WHAT THE TASK ASKS - Please repeat every record exactly, leaving out any pictures.

DATA RECORDS -
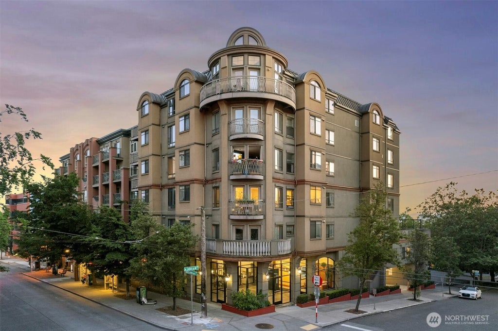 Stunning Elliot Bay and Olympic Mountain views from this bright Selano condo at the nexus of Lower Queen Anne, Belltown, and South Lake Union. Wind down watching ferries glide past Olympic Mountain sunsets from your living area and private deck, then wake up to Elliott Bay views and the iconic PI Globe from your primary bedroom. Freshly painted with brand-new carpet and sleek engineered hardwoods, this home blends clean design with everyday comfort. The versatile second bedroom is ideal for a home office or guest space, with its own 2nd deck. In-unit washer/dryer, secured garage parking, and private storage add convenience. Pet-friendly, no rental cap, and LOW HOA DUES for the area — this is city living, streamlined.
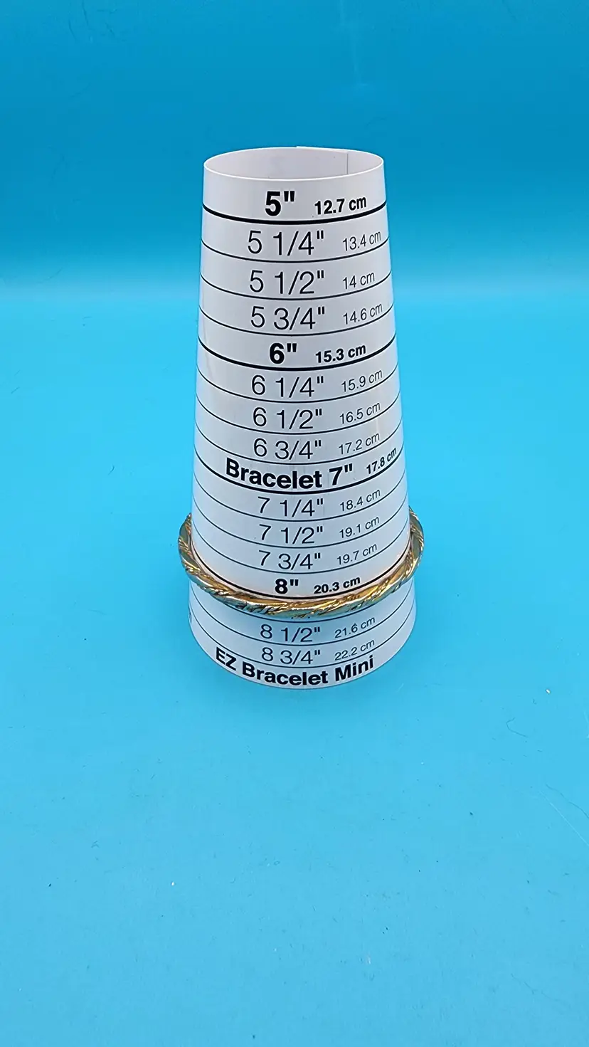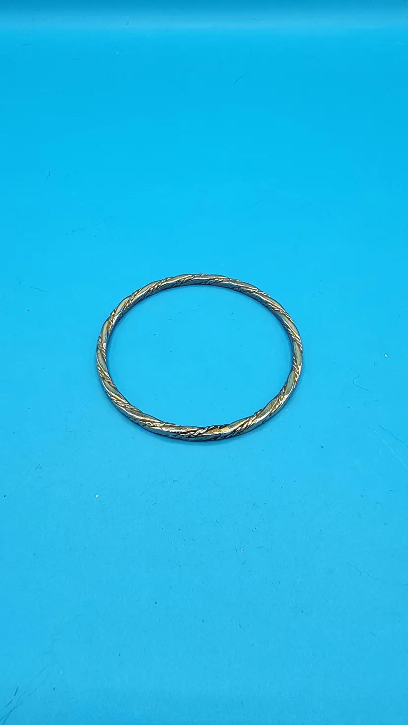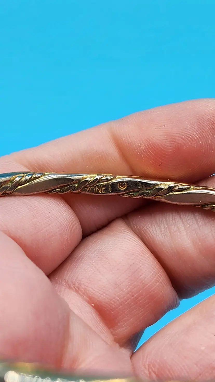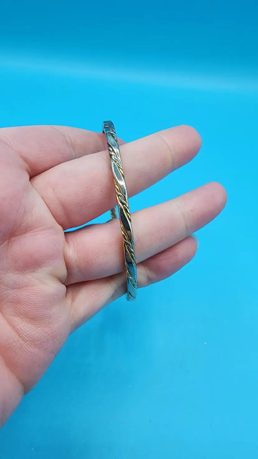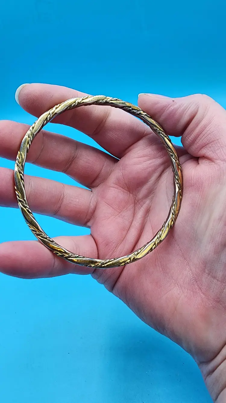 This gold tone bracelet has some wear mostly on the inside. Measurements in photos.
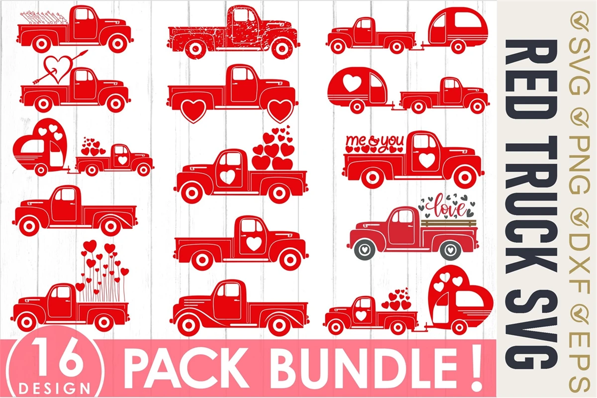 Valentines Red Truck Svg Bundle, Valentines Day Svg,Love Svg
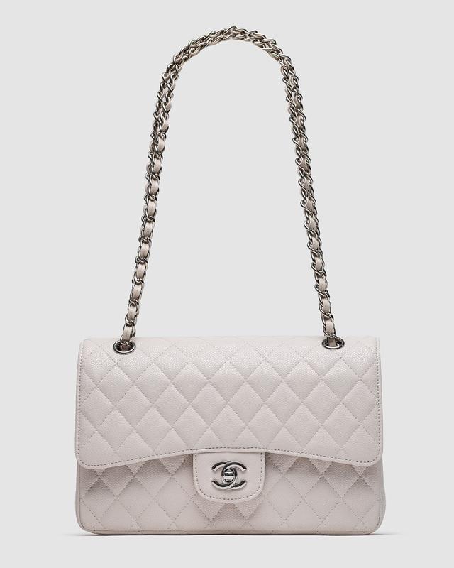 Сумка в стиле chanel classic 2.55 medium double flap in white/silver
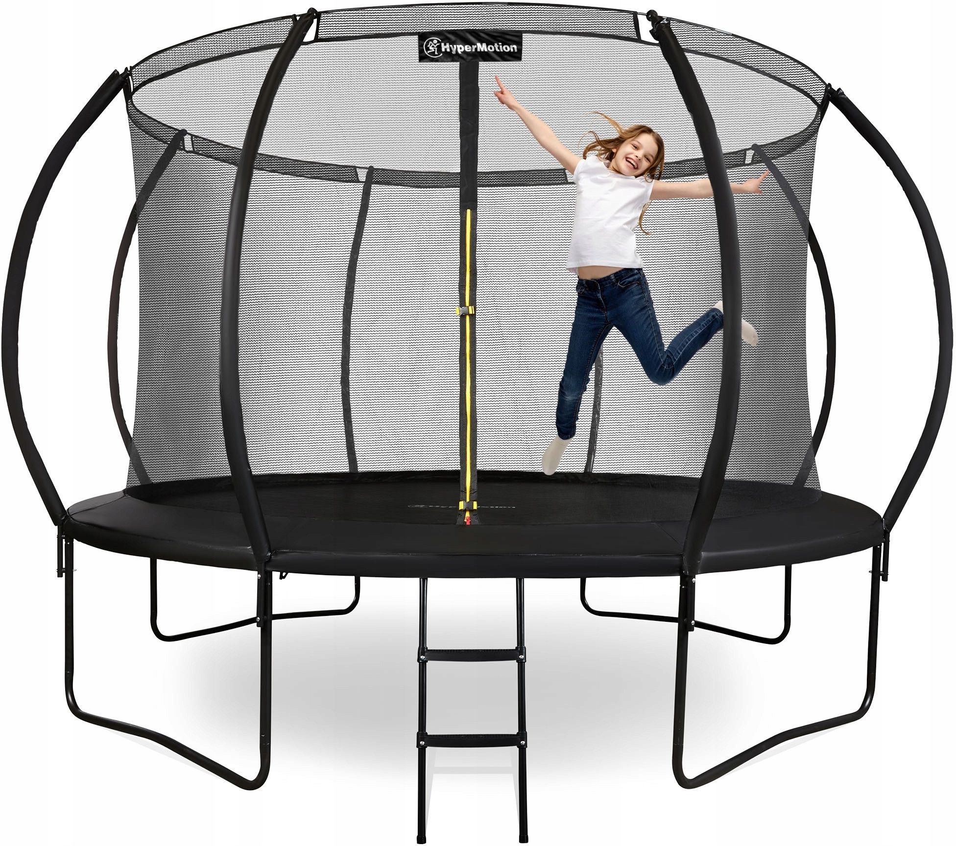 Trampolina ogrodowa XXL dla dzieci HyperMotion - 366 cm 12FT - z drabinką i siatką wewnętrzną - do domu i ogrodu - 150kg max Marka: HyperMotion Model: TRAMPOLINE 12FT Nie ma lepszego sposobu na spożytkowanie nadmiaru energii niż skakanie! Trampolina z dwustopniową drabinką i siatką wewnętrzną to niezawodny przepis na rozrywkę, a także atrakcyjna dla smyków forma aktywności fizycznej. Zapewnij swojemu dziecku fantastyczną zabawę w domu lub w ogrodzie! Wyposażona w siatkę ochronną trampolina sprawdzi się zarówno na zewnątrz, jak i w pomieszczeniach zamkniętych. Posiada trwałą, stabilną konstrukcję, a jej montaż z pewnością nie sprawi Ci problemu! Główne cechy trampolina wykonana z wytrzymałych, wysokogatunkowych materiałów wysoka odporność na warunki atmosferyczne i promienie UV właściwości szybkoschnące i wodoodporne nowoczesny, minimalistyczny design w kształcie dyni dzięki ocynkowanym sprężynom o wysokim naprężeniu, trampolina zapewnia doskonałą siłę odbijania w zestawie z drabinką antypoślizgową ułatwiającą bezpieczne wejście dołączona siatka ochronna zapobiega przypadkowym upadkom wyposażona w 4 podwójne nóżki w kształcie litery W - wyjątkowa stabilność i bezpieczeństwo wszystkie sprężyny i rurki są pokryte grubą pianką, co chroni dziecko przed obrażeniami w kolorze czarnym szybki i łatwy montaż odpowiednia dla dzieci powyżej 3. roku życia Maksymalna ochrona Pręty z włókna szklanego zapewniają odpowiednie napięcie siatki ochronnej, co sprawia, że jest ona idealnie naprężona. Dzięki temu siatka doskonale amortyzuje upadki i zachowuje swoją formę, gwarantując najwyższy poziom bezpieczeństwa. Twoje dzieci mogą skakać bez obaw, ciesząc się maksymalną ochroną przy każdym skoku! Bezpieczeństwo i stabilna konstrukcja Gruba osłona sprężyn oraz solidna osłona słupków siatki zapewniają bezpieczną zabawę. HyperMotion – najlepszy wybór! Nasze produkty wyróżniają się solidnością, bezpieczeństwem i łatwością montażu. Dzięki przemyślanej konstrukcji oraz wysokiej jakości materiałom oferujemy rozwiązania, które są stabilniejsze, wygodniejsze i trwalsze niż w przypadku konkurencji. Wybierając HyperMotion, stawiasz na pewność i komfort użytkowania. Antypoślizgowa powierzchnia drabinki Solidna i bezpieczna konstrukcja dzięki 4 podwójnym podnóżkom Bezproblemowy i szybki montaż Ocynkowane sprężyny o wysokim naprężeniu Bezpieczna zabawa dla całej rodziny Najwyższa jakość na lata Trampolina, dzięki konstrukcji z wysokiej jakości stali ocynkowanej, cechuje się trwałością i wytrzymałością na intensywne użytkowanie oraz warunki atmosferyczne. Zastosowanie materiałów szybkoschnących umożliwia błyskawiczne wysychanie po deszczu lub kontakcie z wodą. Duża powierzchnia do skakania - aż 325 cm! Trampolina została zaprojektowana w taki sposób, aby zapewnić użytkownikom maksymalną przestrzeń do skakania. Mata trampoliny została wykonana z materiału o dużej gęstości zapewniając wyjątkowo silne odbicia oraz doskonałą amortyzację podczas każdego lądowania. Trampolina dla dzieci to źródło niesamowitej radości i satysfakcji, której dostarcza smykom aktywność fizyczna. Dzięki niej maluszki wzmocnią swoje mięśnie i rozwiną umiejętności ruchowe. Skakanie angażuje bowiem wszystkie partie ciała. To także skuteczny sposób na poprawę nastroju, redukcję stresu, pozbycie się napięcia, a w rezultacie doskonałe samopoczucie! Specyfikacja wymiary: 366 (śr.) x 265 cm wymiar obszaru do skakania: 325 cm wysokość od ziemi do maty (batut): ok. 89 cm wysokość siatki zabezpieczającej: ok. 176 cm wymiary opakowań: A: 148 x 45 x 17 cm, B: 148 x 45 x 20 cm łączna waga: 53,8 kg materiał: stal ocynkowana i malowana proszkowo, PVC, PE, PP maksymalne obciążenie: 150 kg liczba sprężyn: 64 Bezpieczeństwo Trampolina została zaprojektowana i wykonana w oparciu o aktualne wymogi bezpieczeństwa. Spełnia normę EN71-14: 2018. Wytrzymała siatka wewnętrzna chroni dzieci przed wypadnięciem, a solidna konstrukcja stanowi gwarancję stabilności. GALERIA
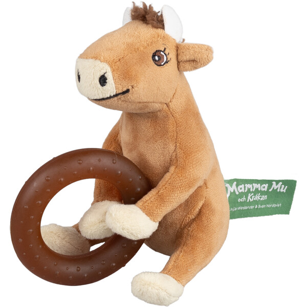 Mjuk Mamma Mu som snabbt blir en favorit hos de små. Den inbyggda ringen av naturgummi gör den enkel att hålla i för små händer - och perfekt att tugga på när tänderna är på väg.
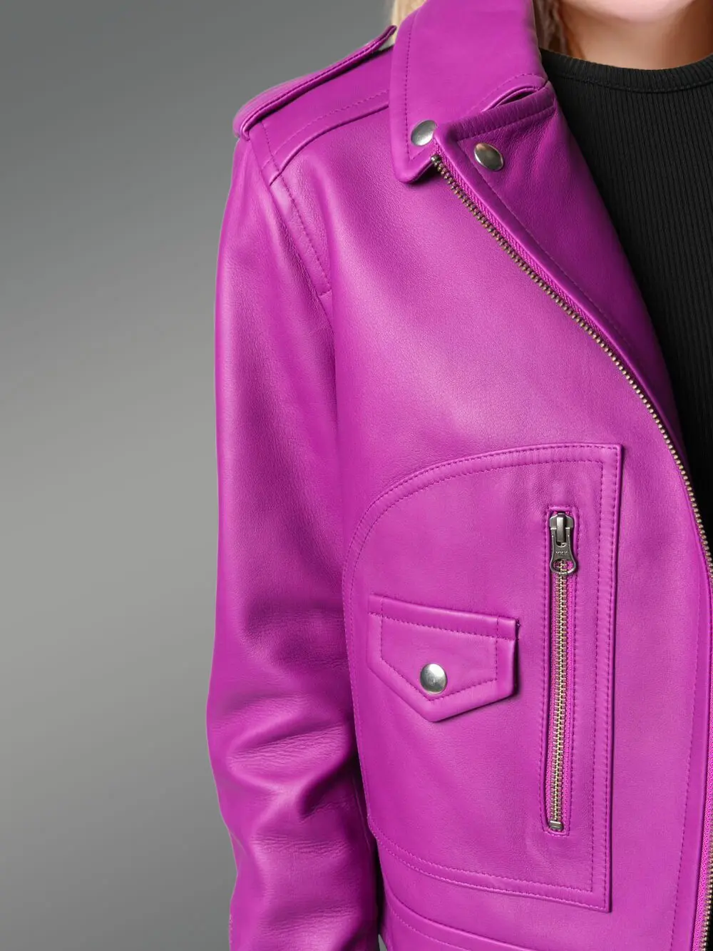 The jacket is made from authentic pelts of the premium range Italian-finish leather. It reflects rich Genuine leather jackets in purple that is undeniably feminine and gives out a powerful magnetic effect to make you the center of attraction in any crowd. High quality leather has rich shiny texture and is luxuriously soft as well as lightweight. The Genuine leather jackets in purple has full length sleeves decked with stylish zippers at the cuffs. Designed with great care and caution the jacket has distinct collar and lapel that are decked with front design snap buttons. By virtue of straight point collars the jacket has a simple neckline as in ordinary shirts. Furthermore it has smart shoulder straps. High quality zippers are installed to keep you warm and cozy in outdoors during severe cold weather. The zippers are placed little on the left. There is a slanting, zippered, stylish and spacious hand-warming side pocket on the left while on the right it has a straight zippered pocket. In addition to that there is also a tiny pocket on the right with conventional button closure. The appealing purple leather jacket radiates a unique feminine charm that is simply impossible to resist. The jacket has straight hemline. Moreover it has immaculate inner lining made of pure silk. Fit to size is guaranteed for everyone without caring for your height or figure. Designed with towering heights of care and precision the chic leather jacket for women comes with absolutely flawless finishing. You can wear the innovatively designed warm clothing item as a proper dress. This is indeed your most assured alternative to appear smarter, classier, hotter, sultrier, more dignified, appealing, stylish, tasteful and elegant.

ANSWER SPACE -
 Stunning Elliot Bay and Olympic Mountain views from this bright Selano condo at the nexus of Lower Queen Anne, Belltown, and South Lake Union. Wind down watching ferries glide past Olympic Mountain sunsets from your living area and private deck, then wake up to Elliott Bay views and the iconic PI Globe from your primary bedroom. Freshly painted with brand-new carpet and sleek engineered hardwoods, this home blends clean design with everyday comfort. The versatile second bedroom is ideal for a home office or guest space, with its own 2nd deck. In-unit washer/dryer, secured garage parking, and private storage add convenience. Pet-friendly, no rental cap, and LOW HOA DUES for the area — this is city living, streamlined.
 This gold tone bracelet has some wear mostly on the inside. Measurements in photos.
 Valentines Red Truck Svg Bundle, Valentines Day Svg,Love Svg
 Сумка в стиле chanel classic 2.55 medium double flap in white/silver
 Trampolina ogrodowa XXL dla dzieci HyperMotion - 366 cm 12FT - z drabinką i siatką wewnętrzną - do domu i ogrodu - 150kg max Marka: HyperMotion Model: TRAMPOLINE 12FT Nie ma lepszego sposobu na spożytkowanie nadmiaru energii niż skakanie! Trampolina z dwustopniową drabinką i siatką wewnętrzną to niezawodny przepis na rozrywkę, a także atrakcyjna dla smyków forma aktywności fizycznej. Zapewnij swojemu dziecku fantastyczną zabawę w domu lub w ogrodzie! Wyposażona w siatkę ochronną trampolina sprawdzi się zarówno na zewnątrz, jak i w pomieszczeniach zamkniętych. Posiada trwałą, stabilną konstrukcję, a jej montaż z pewnością nie sprawi Ci problemu! Główne cechy trampolina wykonana z wytrzymałych, wysokogatunkowych materiałów wysoka odporność na warunki atmosferyczne i promienie UV właściwości szybkoschnące i wodoodporne nowoczesny, minimalistyczny design w kształcie dyni dzięki ocynkowanym sprężynom o wysokim naprężeniu, trampolina zapewnia doskonałą siłę odbijania w zestawie z drabinką antypoślizgową ułatwiającą bezpieczne wejście dołączona siatka ochronna zapobiega przypadkowym upadkom wyposażona w 4 podwójne nóżki w kształcie litery W - wyjątkowa stabilność i bezpieczeństwo wszystkie sprężyny i rurki są pokryte grubą pianką, co chroni dziecko przed obrażeniami w kolorze czarnym szybki i łatwy montaż odpowiednia dla dzieci powyżej 3. roku życia Maksymalna ochrona Pręty z włókna szklanego zapewniają odpowiednie napięcie siatki ochronnej, co sprawia, że jest ona idealnie naprężona. Dzięki temu siatka doskonale amortyzuje upadki i zachowuje swoją formę, gwarantując najwyższy poziom bezpieczeństwa. Twoje dzieci mogą skakać bez obaw, ciesząc się maksymalną ochroną przy każdym skoku! Bezpieczeństwo i stabilna konstrukcja Gruba osłona sprężyn oraz solidna osłona słupków siatki zapewniają bezpieczną zabawę. HyperMotion – najlepszy wybór! Nasze produkty wyróżniają się solidnością, bezpieczeństwem i łatwością montażu. Dzięki przemyślanej konstrukcji oraz wysokiej jakości materiałom oferujemy rozwiązania, które są stabilniejsze, wygodniejsze i trwalsze niż w przypadku konkurencji. Wybierając HyperMotion, stawiasz na pewność i komfort użytkowania. Antypoślizgowa powierzchnia drabinki Solidna i bezpieczna konstrukcja dzięki 4 podwójnym podnóżkom Bezproblemowy i szybki montaż Ocynkowane sprężyny o wysokim naprężeniu Bezpieczna zabawa dla całej rodziny Najwyższa jakość na lata Trampolina, dzięki konstrukcji z wysokiej jakości stali ocynkowanej, cechuje się trwałością i wytrzymałością na intensywne użytkowanie oraz warunki atmosferyczne. Zastosowanie materiałów szybkoschnących umożliwia błyskawiczne wysychanie po deszczu lub kontakcie z wodą. Duża powierzchnia do skakania - aż 325 cm! Trampolina została zaprojektowana w taki sposób, aby zapewnić użytkownikom maksymalną przestrzeń do skakania. Mata trampoliny została wykonana z materiału o dużej gęstości zapewniając wyjątkowo silne odbicia oraz doskonałą amortyzację podczas każdego lądowania. Trampolina dla dzieci to źródło niesamowitej radości i satysfakcji, której dostarcza smykom aktywność fizyczna. Dzięki niej maluszki wzmocnią swoje mięśnie i rozwiną umiejętności ruchowe. Skakanie angażuje bowiem wszystkie partie ciała. To także skuteczny sposób na poprawę nastroju, redukcję stresu, pozbycie się napięcia, a w rezultacie doskonałe samopoczucie! Specyfikacja wymiary: 366 (śr.) x 265 cm wymiar obszaru do skakania: 325 cm wysokość od ziemi do maty (batut): ok. 89 cm wysokość siatki zabezpieczającej: ok. 176 cm wymiary opakowań: A: 148 x 45 x 17 cm, B: 148 x 45 x 20 cm łączna waga: 53,8 kg materiał: stal ocynkowana i malowana proszkowo, PVC, PE, PP maksymalne obciążenie: 150 kg liczba sprężyn: 64 Bezpieczeństwo Trampolina została zaprojektowana i wykonana w oparciu o aktualne wymogi bezpieczeństwa. Spełnia normę EN71-14: 2018. Wytrzymała siatka wewnętrzna chroni dzieci przed wypadnięciem, a solidna konstrukcja stanowi gwarancję stabilności. GALERIA
 Mjuk Mamma Mu som snabbt blir en favorit hos de små. Den inbyggda ringen av naturgummi gör den enkel att hålla i för små händer - och perfekt att tugga på när tänderna är på väg.
 The jacket is made from authentic pelts of the premium range Italian-finish leather. It reflects rich Genuine leather jackets in purple that is undeniably feminine and gives out a powerful magnetic effect to make you the center of attraction in any crowd. High quality leather has rich shiny texture and is luxuriously soft as well as lightweight. The Genuine leather jackets in purple has full length sleeves decked with stylish zippers at the cuffs. Designed with great care and caution the jacket has distinct collar and lapel that are decked with front design snap buttons. By virtue of straight point collars the jacket has a simple neckline as in ordinary shirts. Furthermore it has smart shoulder straps. High quality zippers are installed to keep you warm and cozy in outdoors during severe cold weather. The zippers are placed little on the left. There is a slanting, zippered, stylish and spacious hand-warming side pocket on the left while on the right it has a straight zippered pocket. In addition to that there is also a tiny pocket on the right with conventional button closure. The appealing purple leather jacket radiates a unique feminine charm that is simply impossible to resist. The jacket has straight hemline. Moreover it has immaculate inner lining made of pure silk. Fit to size is guaranteed for everyone without caring for your height or figure. Designed with towering heights of care and precision the chic leather jacket for women comes with absolutely flawless finishing. You can wear the innovatively designed warm clothing item as a proper dress. This is indeed your most assured alternative to appear smarter, classier, hotter, sultrier, more dignified, appealing, stylish, tasteful and elegant.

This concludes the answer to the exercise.